‘Under the Stars’ author Beatriz Williams talks shipwrecks, poetry and football
By design, Beatriz Williams lives mostly in the past.
“I feel more comfortable in the past than in the present day,” the New York Times bestselling-author said, speaking in August from the lush backyard of her Connecticut home.

She’s now in the midst cross-country tour forher latest book “Under the Stars,” which will bring her to the Coronado Public Library on Monday and a lunch event with Warwick’s bookstore on Tuesday.
Williams has written dozens of historical fiction novels, featuring characters from America’s Gilded Age in the late 1800s to the tumultuous Cold War in the late 1940s.
“Under the Stars,” published July 29, follows two timelines: one in 1846, the other in 2024. It is set on the fictional Winthrop Island in New England, and features a disgruntled daughter and her famous mother who are connected to a young woman on a steamboat from 200 years in the past. The island in the novel was inspired by Fishers Island in New York, where the very real steamship Atlantic went adrift and veered into the rocky shore in 1846, resulting in an estimated loss of 50 lives — which is the central event in Williams’ novel.
Williams recently answered several questions about “Under the Stars” and other projects. These are excerpts from that conversation.
Q: Where did the initial idea for this novel come from?
A: This is my fourth novel that I’ve set on Winthrop Island, loosely inspired by the real-life Fishers Island. It’s a very discreet island. I like to say that it’s a bit like “Fight Club” — the first rule of Fishers Island is, we don’t talk about Fishers Island. There’s a theme that runs through all of my books, which is this dialogue between past and present. I’m a history nerd, a history native. Most people would probably agree I feel more comfortable in the past than in the present day. What really interests me is how the choices and the mistakes, the actions that our earlier generations took, kind of reverberate down the generations to affect us in ways seen and unseen. So I was like, OK, if we’re going to return to Winthrop in the modern day, we need to find an interesting historical incident that happened that reverberated down a generation. I discovered this long forgotten but very dramatic steamship accident, the wreck of the steamship Atlantic.

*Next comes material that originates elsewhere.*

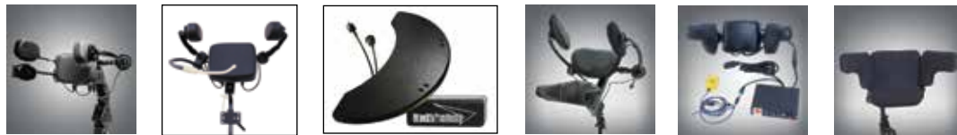
Stealth i-Drive™ Tri-Array Stealth i-Drive™ Sip 'n' Puff Stealth i-Drive™ Fiber Optic Tray Array 3-Switch Stealth Ultra Head Array ASL 3-Switch Head Array Switch-It Head Array (3, 4 or 5 switch)

* Either the Q-Logic 2 Enhanced Display or Q-Logic Enhanced Display is still required for Sip N' Puff and single switch driving.

Q: In part one, you introduce one of the main characters, writing: “You will not find my name on any list of passengers aboard the final voyage of the steamship Atlantic, either among the survivors or those who perished. No trace of a woman called Providence Dare exists beyond Thanksgiving of 1846. Nor shall it, except for these pages you now hold in your hands.” So, who is Providence? Is she a real person?
A: She’s a fictional figure. I have a rather large imagination. In the case of Providence Dare, she is a housemaid employed by a very prominent yet fictional artist. He is kind of loosely inspired by this wonderful biography I read about Longfellow, the poet, who is now very, very much forgotten. But I decided I needed some tension on board this ship. So, Providence has fled her household after her employer, the artist, has been found dead at the bottom of a flight of stairs. She’s going to start a new life elsewhere, under a new name. But also on board the ship that night is this detective who is charged with apprehending Providence. So there’s this kind of cat and mouse game that goes on.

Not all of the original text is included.